The significant amount of related literature found during the review period led to identifying numerous issues and implications. Many of the concepts raised during the preparation of this report are interrelated.
2.1 Big Picture Influencers
Many larger societal and technological trends have implications to TMC operations, oftentimes driving the ITS trends. At the most overarching level, the proliferation of mobile communications is revolutionizing many aspects of our lives. Mobile communications can generate large volumes of data used by TMCs, transmit that data almost instantaneously, allow travelers to access TMC-generated information almost continuously, and even provide more convenient platforms to monitor, test, and maintain field devices and other TMC equipment. The advances in mobile communication are based on the technology advances in mobile communications networks, advancing from third generation (3G/GSM) to fourth generation (4G) technologies in 2011. The bandwidth and speed enhancements of each new generation of the mobile network are significant. The next generation (5G) will provide another increase in capabilities, likely geared toward intelligent networks that can handle billions of connected devices and remain stable and reliable. A closely related influence is the rise of social media. The public is beginning to expect personalized two-way communication that they can interact with, not only from commercial enterprises, but from their governments as well. Overall, computing continues to advance, such as sophistication in analysis and prediction for decision support systems and automation tools, ability to process massive amounts of data from varied sources extremely quickly, and potential to function and store information in a distributed cloud environment.
Another general influence is changes to funding opportunities. As capital budgets shrink, there will be increasing emphasis on systems management and operations over traditional construction projects. While this generally favors operations, it may be increasingly difficult to fund ITS system expansion, especially in areas where ITS infrastructure construction has been integrated with major roadway work. Funding is also increasingly being tied to performance monitoring and management. While there are established measures for things such as pavement roughness, TMC systems may need to identify appropriate measures of effectiveness for such amorphous things as driver satisfaction over “tweeted” construction updates. Also, even when data is collected on output measures (such as number of service patrol stops) and outcomes (such as travel time reliability and incident duration), those performance measures are not always used to report system performance or to manage the operations of agencies.
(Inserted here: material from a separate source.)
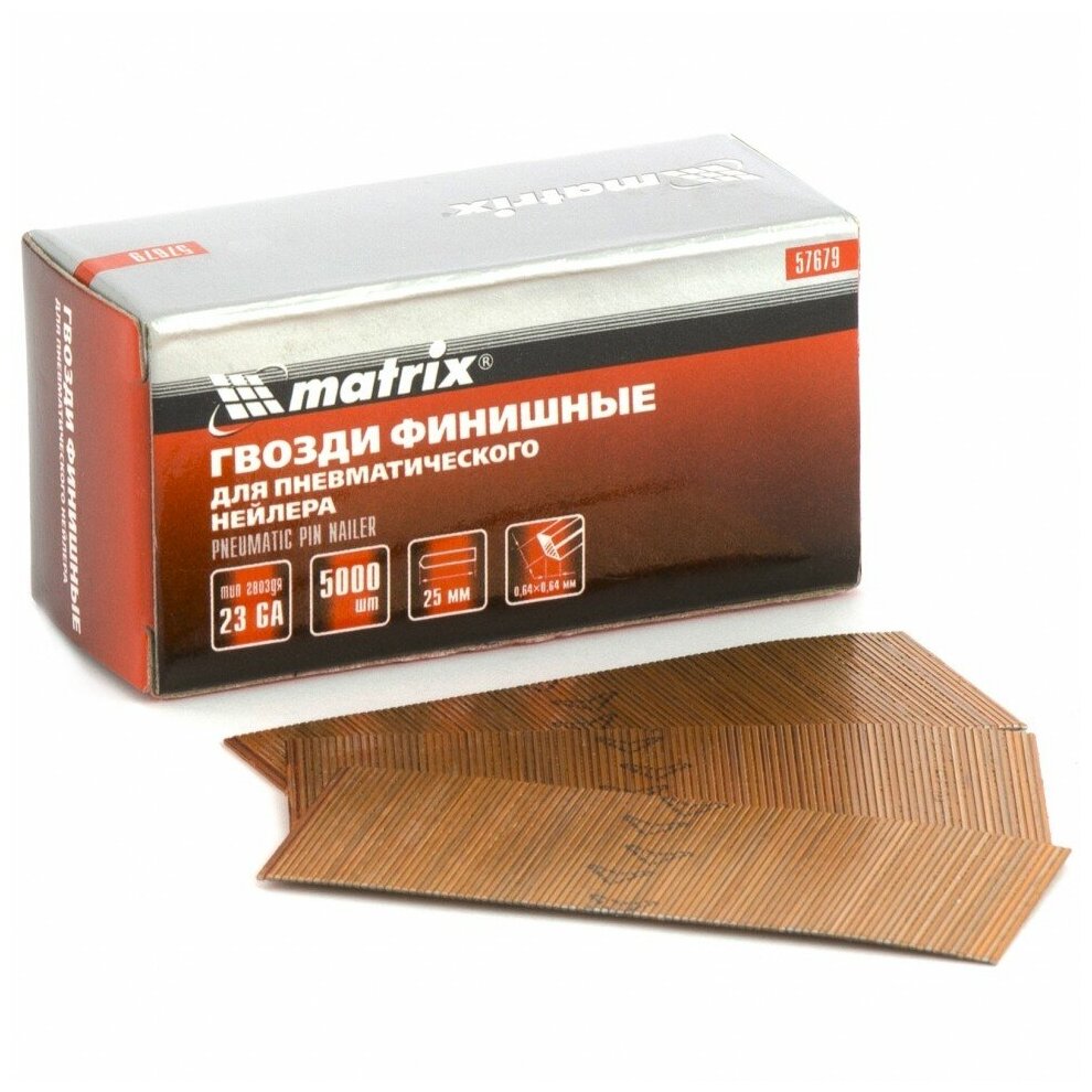 MATRIX Гвозди финишные, (шпильки) 23GA для пневматического нейлера финишного D 0,64 мм, длина 25 мм, 5000 шт Matrix, ( 57679 ) интересное:
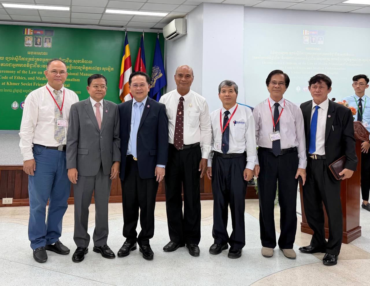 ជាមួយគ្នានោះលោកសាស្ដ្រាចារ្យ ងី ម៉េង នាយកមន្ទីរពេទ្យមិត្ដភាពខ្មែរ-សូវៀត តាមនាមថ្នាក់ដឹកនាំ និងបុគ្គលិកសុខាភិបាលទាំងអស់នៃមន្ទីរពេទ្យមិត្ដភាពខ្មែរ-សូវៀត សូមប្ដេជ្ញាចិត្ដចូលរួមអនុវត្ដច្បាប់ ក្រមសីលធម៌ និងស្ដង់ដាវិជ្ជាជីវៈវេជ្ជសាស្រ្ដឱ្យបានខ្ជាប់ខ្ជួន និងជាប់លាប់ ដើម្បីចូលរួមលើកកម្ពស់គុណភាពបម្រើសេវាព្យាបាល និងចូលរួមអភិវឌ្ឍវិស័យសុខាភិបាលកម្ពុជា៕

New funding sources will also be necessary to replace shrinking gas tax revenues. Not only are vehicles becoming more efficient, but also alternatively fueled vehicles reduce the correlation between vehicle miles traveled and gas consumption. Raising gas taxes is also politically unpalatable in most locations. One potential method of generating revenue is pricing, which includes both traditional fixed rate tolling and other applications such as congestion pricing zones. TMC systems may be integrated with the payment systems and variable toll displays, increasing requirements for system reliability and security.
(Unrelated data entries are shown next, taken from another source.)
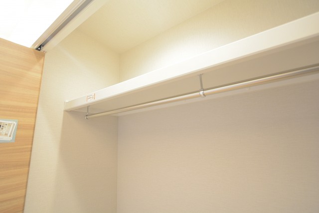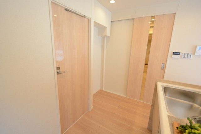 廊下右側のドアはウォークインクローゼット!!間取り図には多目的収納とありましたが見た目はウォークインクローゼットです。もちろんキャリーバッグやスーツケースなど洋服以外の物を入れる事も出来るので、やっぱり多目的ですかね(笑)
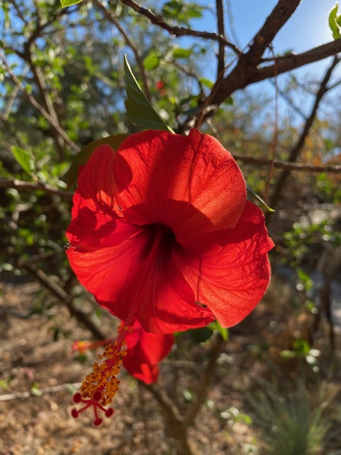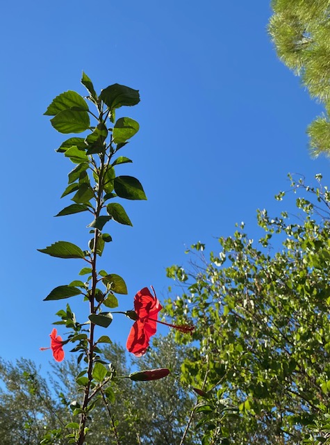 Ein wundervolles Rot, das Hibiskusrot. Bei uns sehe ich keines mehr und auch die Sonnenblumen mit ihrem leuchtenden Gelb verblühen schon.
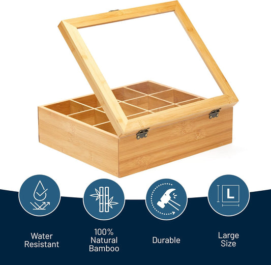 RoyalHouse Big Natural Bamboo Tea Storage Organizer with Clear Acrylic Top Window, 12 Compartments Eco-Friendly Tea Bag Holder, Multi-Functional Storage Box
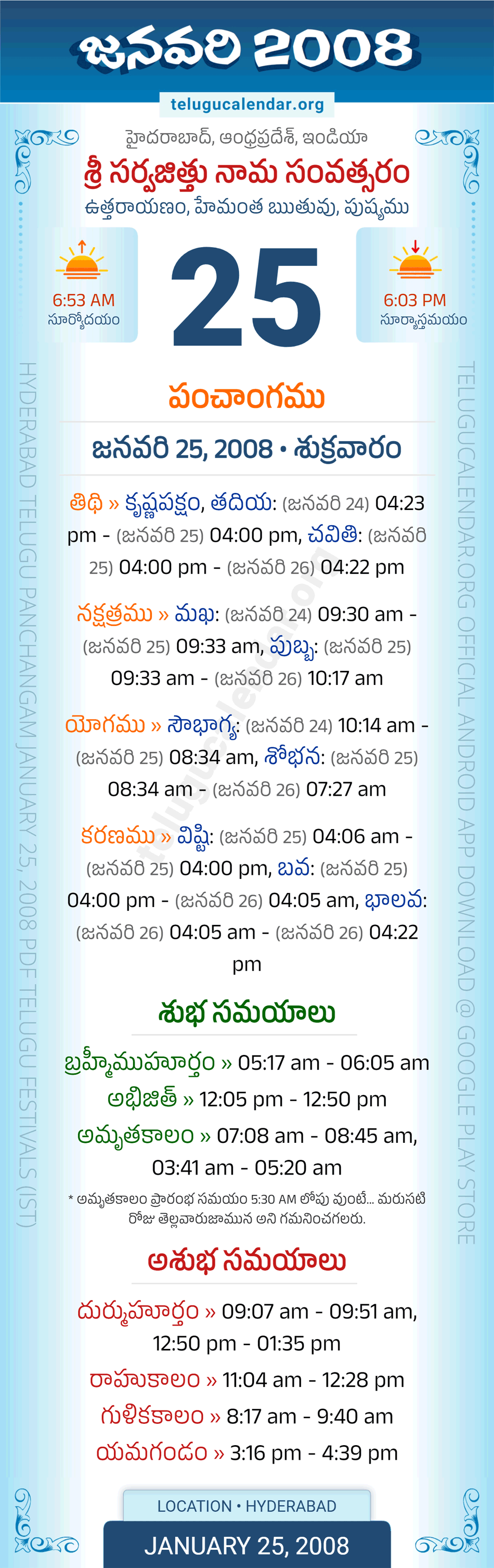 Download » January 25, 2008 » Hyderabad, Andhra Pradesh Telugu Calendar Panchangam Daily Sheet with Auspicious and Inauspicious Timings.
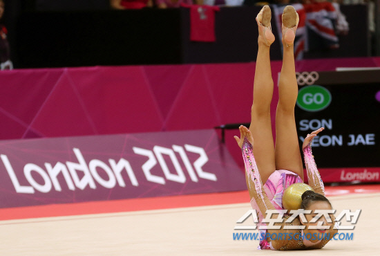 한국 리듬체조의 요정 손연재가 9일 오후(현지시각) 영국 런던 웹블리 아레나에서 열린 리듬체조 여자 개인종합 예선경기에서 'Limelight-Les Melodies De MonCoeur'에 맞춰 공연기를 선보이고 있다. 손연재는 세계 정상급 선수들과 맞서 올림픽 사상 첫 결승진출을 노리게 된다. 20120807 런던=올림픽사진공동취재단m
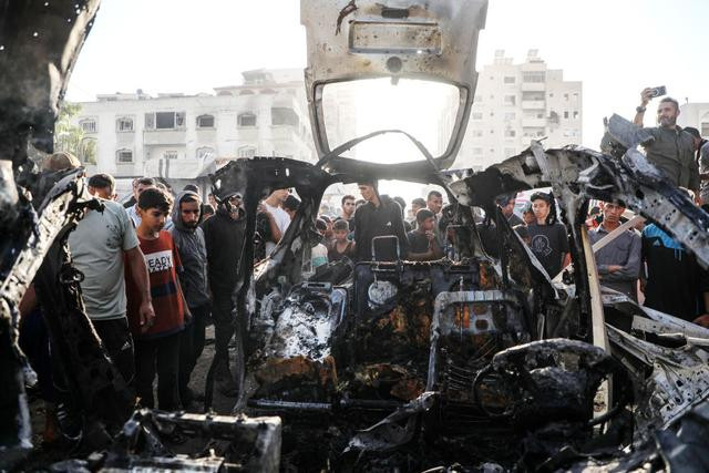 11月22日,人们在加沙城西部查看被以色列无人机炸毁的汽车。以色列当日对加沙地带多地发动空袭,造成上百人死伤。
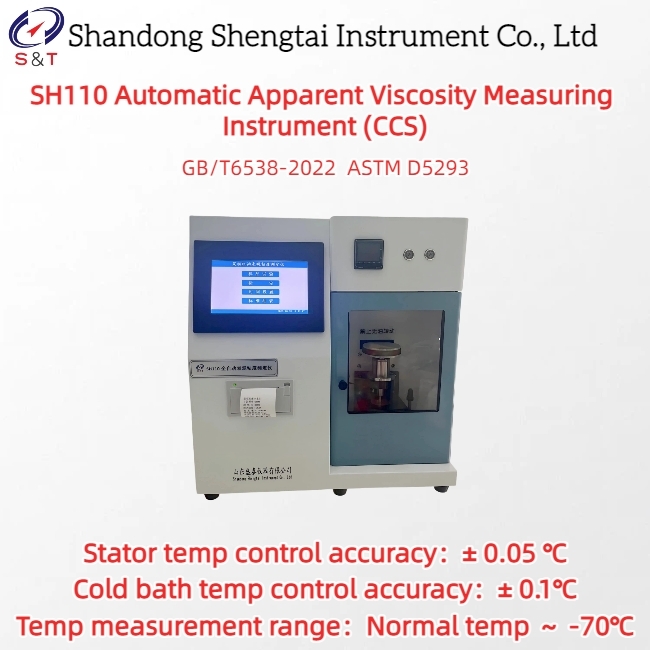 Le compteur automatique de viscosité apparente (CCS) SH110 est conforme aux spécifications techniques GB/T6538-2022, ASTM D5293 et autres;Il convient aux essais de l'indice de viscosité dynamique à basse température de l'huile moteur.L'instrument peut mesurer la viscosité apparente de l'huile à des températures allant de -35°C à -5°C avec un intervalle de 5°CIl présente les avantages d'une mesure précise, d'une bonne répétabilité, d'une performance stable et d'un fonctionnement simple.
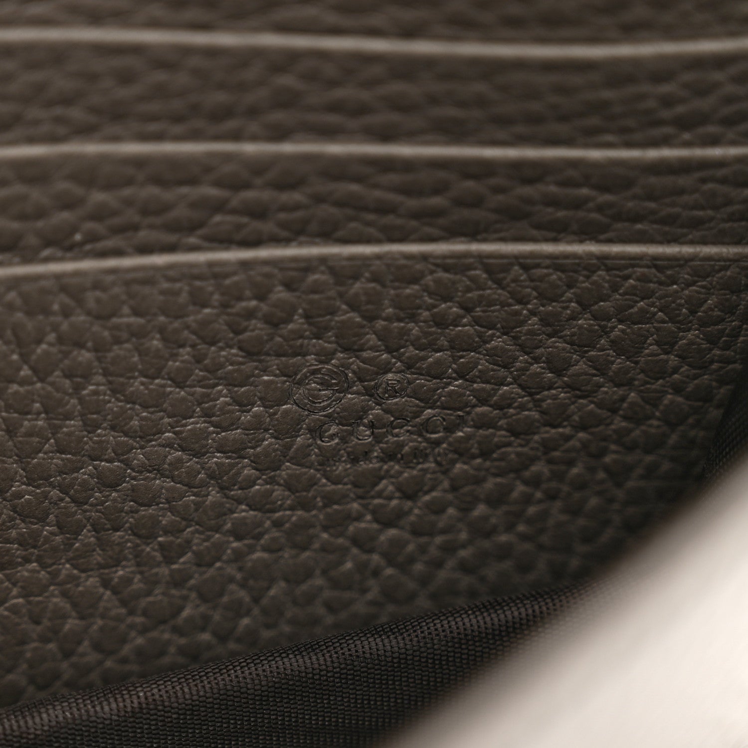This is an authentic GUCCI Dollar Calfskin Interlocking G Chain Wallet in Loess. This stylish wallet is crafted of textured calfskin leather in gray. It features a front flap with a polished light gold interlocking G logo and an optional crossbody shoulder strap. The flap opens to a leather interior with card slots and a zipper compartment.Follow this item for alerts. Gucci is a registered trademark of Gucci. FASHIONPHILE is not affiliated with Gucci.

Vehicle-based systems are also on the horizon for influencing TMC operations. Car manufacturers, governments, and research institutions are collaborating on a range of connected vehicle technologies. The vehicle-to-infrastructure initiatives, such as Road Weather Management, are most likely to just begin to influence TMC operations within the next 10 years. Factory-installed vehicle sensors that continuously collect data on vehicle conditions such as headlights and windshield wipers, along with measurements on ambient temperature, pressure, and humidity, will provide accurate and real-time information to help TMCs reduce the number and severity of weather-related traffic incidents. The manner in which drivers and vehicles interact with the roadways could begin to change near the end of the 10 year window, as various levels of autonomous vehicle technologies begin to get introduced and “super cruise control systems” and other robotic technologies gain market penetration. Finally, the proliferation of technology resident and carried into the vehicle has set up a scenario where distracted driving will likely continue to be a concern.
Primary groupings of the technology trends (in no particular order) are as follows:
- Data and Communications;
- Connected Vehicle;
- Agency Processes;
- Control Technologies; and
- Traveler Information.
Highlights of each category are described in the sections below.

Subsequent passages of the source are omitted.